The new pastor will do well to spend time getting to know the church, the people and the community before making any big changes. When the pastor is new, people will do almost anything the pastor suggests. New brooms sweep clean. However, the pastor may not know what to ask.
Editor’s note: This is the third installment of a six-part series on the prevention of church conflict. The author is Wade Paris, former pastor and retired director of missions. He also is a former Word&Way trustee.
The pastor selection committee at Downtown Church explained to the new pastor the church community was rapidly changing. They said a decision would need to be made soon whether the church should remain in its present location or relocate.
They wanted a pastor who would lead them through that decision-making process. After the pastor arrived, he and the church spent the next five years making this decision. It was time well spent.
Pastor Robert went to a new church. The facilities were in decline and needed updating. Wanting to make a good impression and establish his leadership, he quickly led the church into a major renovation campaign. They spent a lot of money on the restoration.
Since he was new, the pastor did not realize the church needed to relocate. After several years, he was able to see this need. However, the church had spent so much money on renovation they would not move. They believed it would be “poor use of God’s resources to walk away and leave all they had done.”
The next pastor bided his time. Eventually the church relocated and today has a wonderful ministry. If Pastor Robert had moved more slowly, he probably could have accomplished the relocation himself.
Not only does a new pastor need time to ascertain the needs of the church, he also needs time to identify the church movers and shakers.
Every church has influencers. They are not always vocal and often work behind the scenes, but they are there. People wait to see how these folk feel before they respond.
Often they will follow these time-tested leaders rather than the pastor. Church leaders usually have greater longevity than pastors. At the very least the pastor needs to know who these leaders are.
The pastor may not always agree with them, and they certainly will not always agree with the pastor, but to be unaware of their existence can be very costly.

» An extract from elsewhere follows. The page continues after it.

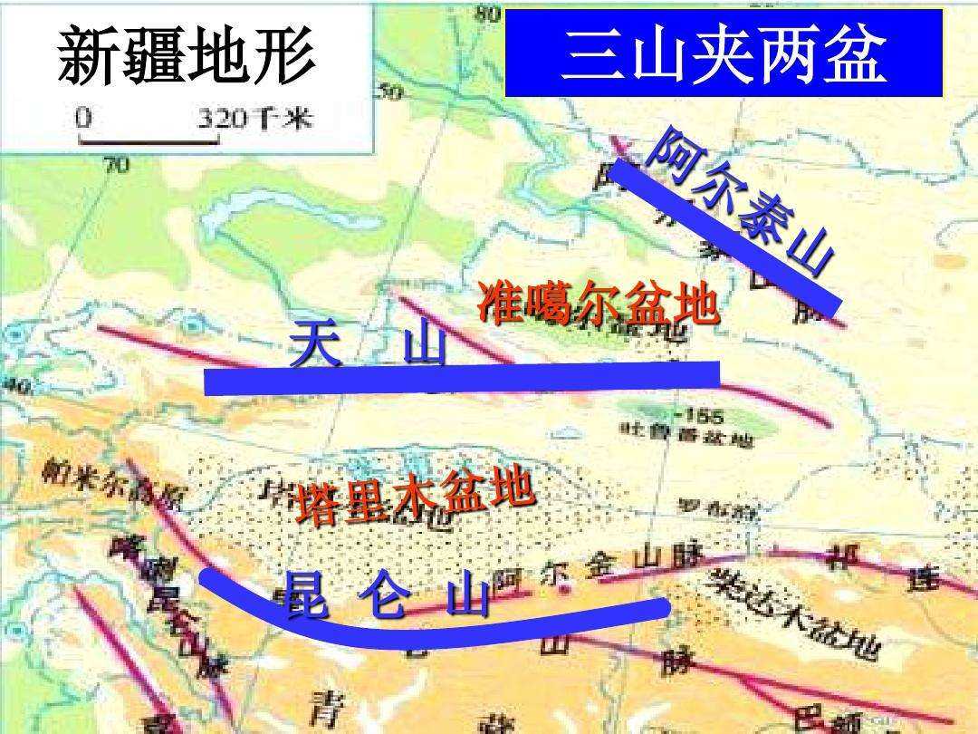新疆是我国最大的省级行政区,约占总国土面积的六分之一。总结新疆的地形特点,即“三山夹两盆”。三山指:最北的阿尔泰山、中部的天山、南部的昆仑山;两盆夹在其中的准噶尔盆地、塔里木盆地。

A wise pastor will take the time to discover these persons and cultivate their friendship. The day will come when the pastor will need their help and support. The pastor must minister to them, especially if they seem to be the opposition. That is Christian. Jesus taught us to love our enemies.
Some, especially the young and inexperienced, will argue that discerning these power brokers is too much like politics. In a tape about church growth, Carl George said rather than abandoning such strategy as political, a wise pastor will be glad such a system exists and will learn how to function within it (“Beyond 400” by Carl George, part of the audiotape series “Barrier Breaking Seminars”).
While the mover and shaker system is no secret, its members are not easily identified. The new pastor can consult with long-time members and former pastors to identify them, but it usually takes months, even years, of observation to discover them all accurately. A wise pastor will seek to know them and love them.
The pastor of Redemption Church communicated entirely by e-mail. The only exception was when he made announcements from the pulpit on Sunday. When told that many members, especially older leaders who were good stewards, did not have e-mail, he would say, “That is not my problem. Tell them to get a computer.”
As you might expect, there was much unrest. His system of communication alienated many long time supporters and was devastating to his ministry in the church.